John A. Dooley, Associate Justice

 



[1]  The record indicates that two other policies, covering the period between July 18, 1992 and July 18, 1994, have been discovered, but these policies contain pollution exclusion clauses.

[2] As discussed infra, ¶ 12, the description “joint and several liability” is a misnomer when applied to insurance coverage.  See Boston Gas Co. v. Century Indem. Co., 910 N.E.2d 290, 301 n.24 (Mass. 2009); J. Stempel, Domtar Baby: Misplaced Notions of Equitable Apportionment Create a Thicket of Potential Unfairness for Insurance Policyholders, 25 Wm. Mitchell L. Rev. 769, 791 n.98 (1999).

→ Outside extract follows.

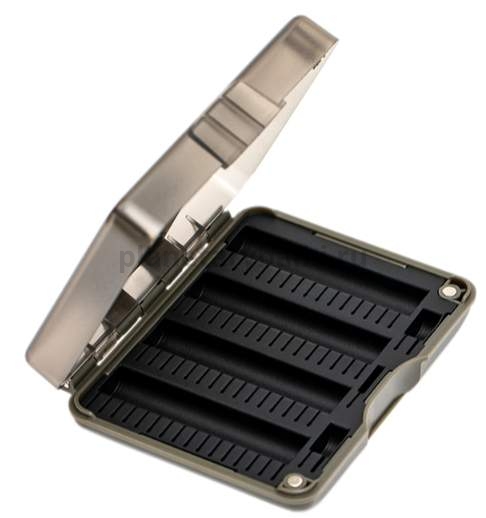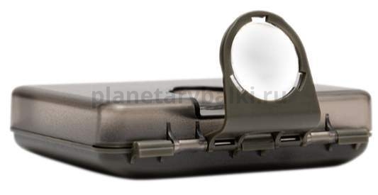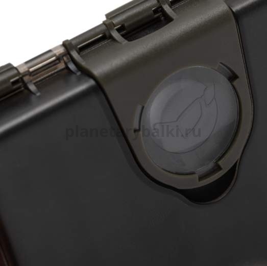 Силиконовая вставка с прорезями предназначена для надежного удержания каждого отдельного крючка на месте, и без риска повредить острие, кладя их в коробку или вынимая из нее. Сама коробка сделана из ударопрочного твердого пластика с магнитным креплением, чтобы она не открылась во время транспортировки, но, при использовании, коробка легко открывается и закрывается. Крышка имеет встроенную откидывающуюся линзу для увеличения, которую можно использовать для проверки заточки крючка, и удерживается на месте с помощью магнитной застежки, когда она не используется.
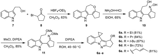 We are interested in synthesizing novel heterocyclic compounds as they are often biologically active and possibly developed as pharmaceuticals [20]. In our discovering indolo[3,2-c]quinolinones as topoisomerase-I inhibitors [21], we found that spirocyclopropane-containing 4H-pyrazolo[1,5-a]indoles 6a–e could be readily prepared from indole–O-(methylsulfonyl)oxime 11 through double cyclization reactions (Scheme 2). Substrate 11 was synthesized from tryptophol (7) and 2-bromocyclopentanone (8) through intermediates 9 and 10. Compared with the synthetic methods from the literature (Scheme 1), our method has the advantage of using simple starting materials (indole and cycloalkanone) and avoiding the use of expensive or toxic metal catalysts to form 6a–e having complex structures in good yields. In addition, 6a–e are new compounds and have a characteristic cyclopropyl fragment that frequently appears in preclinical/clinical drug molecules [22], which might render them biologically active. Furthermore, the functional groups in 6a–e, such as the alkoxy and spirocyclopropane, could further be modified to give derivatives with more diverse substituents.

[3]  The actual allocation was done based on a count of the number of days of the exposure and the aggregate policy periods.  See Towns, 2008 VT 98, ¶ 6 n.2.

[4]  Despite the State’s characterization of the pollution coverage endorsement as providing coverage on a claims-made basis, we note that the endorsement to which the State refers is actually titled “Commercial General Liability Coverage Form (Occurrence Version),” and it includes specific occurrence-based coverage language: “The insurance applies to ‘bodily injury’ and ‘property damage’ only if:  (1) The ‘bodily injury’ or ‘property damage’ is caused by an ‘occurrence’ that takes place in the ‘coverage territory’; (2) The ‘bodily injury’ or ‘property damage’ occurs during the policy period.”  Thus, not only does the endorsement limit coverage to claims “first made against any insured . . . during the policy period,” but it also appears to limit coverage by requiring that the claim relate to damage that occurred during the policy period.